Researchers incorporated evidence from two types of former occurrence—abandoned hay piles and old fecal pellets—to create models of American pika (Ochotona princeps) distributions. They said that researchers can also apply this type of model to all kinds of other species to determine how climate change may affect them.
“This species has proven, across numerous decades, to be a wonderful model organism to address all kinds of eco-evolutionary theory,” said TWS member Erik Beever, a research ecologist with the U.S. Geological Survey’s Northern Rocky Mountain Science Center and an affiliate professor at Montana State University. “In addition to being able to address this theory, working closely with numerous partners in the region on applied questions that affect their actions and decisions, we’ve been also able to address issues having implications for management, conservation and climate-adaptation efforts.”
Traditional methods of modeling wildlife species and their distribution typically rely on only two states: whether the species is currently present or absent.
But in a study Beever led that’s currently published in Ecography, he and his colleagues wanted to look at a different type of model that capitalized on past and current occurrences as well as places with no evidence of the species whatsoever.
Using a new modeling strategy to understand species distributions, Beever and his team used an approach that included three fundamentally different categories of species occurrence. The first category included sites with no evidence of pikas at all—such sites either never had pikas or had them so long ago that evidence is no longer detectable. The second category included sites where pikas previously occurred.
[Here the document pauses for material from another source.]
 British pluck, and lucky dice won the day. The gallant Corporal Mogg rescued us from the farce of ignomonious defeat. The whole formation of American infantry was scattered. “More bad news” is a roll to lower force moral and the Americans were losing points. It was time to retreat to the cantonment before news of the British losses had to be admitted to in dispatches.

The third category was made up of sites currently occupied by pikas. They then used this information to identify the factors that best predicted the species’ distribution across 570 sites spanning its entire distribution in New Mexico. “The more common approach does not take advantage of that rich information of temporally ordered states that one can gain, oftentimes in a single survey,” Beever said.
The team compared their findings to those from models that used the traditional binary method of using presence and absence data.
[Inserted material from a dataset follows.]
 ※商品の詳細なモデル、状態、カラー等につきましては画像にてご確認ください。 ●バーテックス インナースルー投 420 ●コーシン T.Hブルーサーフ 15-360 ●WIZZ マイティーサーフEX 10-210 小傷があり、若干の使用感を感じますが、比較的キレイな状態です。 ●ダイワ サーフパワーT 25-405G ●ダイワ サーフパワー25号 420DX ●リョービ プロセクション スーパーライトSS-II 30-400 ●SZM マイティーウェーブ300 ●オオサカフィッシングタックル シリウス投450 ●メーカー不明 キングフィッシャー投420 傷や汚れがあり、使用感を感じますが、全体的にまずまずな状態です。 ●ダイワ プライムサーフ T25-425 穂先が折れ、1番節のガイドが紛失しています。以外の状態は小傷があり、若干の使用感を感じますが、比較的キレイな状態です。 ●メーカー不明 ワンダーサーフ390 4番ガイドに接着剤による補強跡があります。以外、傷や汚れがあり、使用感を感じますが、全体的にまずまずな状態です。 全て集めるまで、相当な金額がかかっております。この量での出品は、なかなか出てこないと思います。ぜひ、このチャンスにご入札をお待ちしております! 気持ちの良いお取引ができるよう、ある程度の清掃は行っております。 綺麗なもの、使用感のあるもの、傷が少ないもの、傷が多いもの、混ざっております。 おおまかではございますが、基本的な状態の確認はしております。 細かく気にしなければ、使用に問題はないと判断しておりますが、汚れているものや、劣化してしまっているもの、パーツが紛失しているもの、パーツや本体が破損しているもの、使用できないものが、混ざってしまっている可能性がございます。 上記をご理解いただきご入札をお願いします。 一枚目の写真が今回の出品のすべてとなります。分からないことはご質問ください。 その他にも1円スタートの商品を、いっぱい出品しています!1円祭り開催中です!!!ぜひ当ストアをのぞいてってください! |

The results from the two models varied dramatically, Beever said. The traditional approach suggested that the average temperature during summertime is what best predicts where pikas currently occur versus where they don’t. In contrast, the new model suggested that temperature during the winter and the resulting snowpack are the most important predictors of pika occurrence.
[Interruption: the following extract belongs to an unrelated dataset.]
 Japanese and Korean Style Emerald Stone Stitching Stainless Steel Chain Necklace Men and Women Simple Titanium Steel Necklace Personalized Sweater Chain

Both types of models are helpful, Beever said, but each can be used effectively to answer different questions. For example, if managers were to want to know only where pikas are contemporarily, the presence-absence model works well. “However, if you’re forecasting distributions into the future, one would likely want to use the modeling approach that distinguishes no-evidence sites from sites of past occurrence, because that takes advantage of what we know from where they used to be,” he said.
Beever said researchers can use the three-category model for other species, too. For example, scientists can look at everything from middens to eggs of ground-nesting birds to tree stumps. “I think there are innumerable wildlife species that this can be applied to,” he said.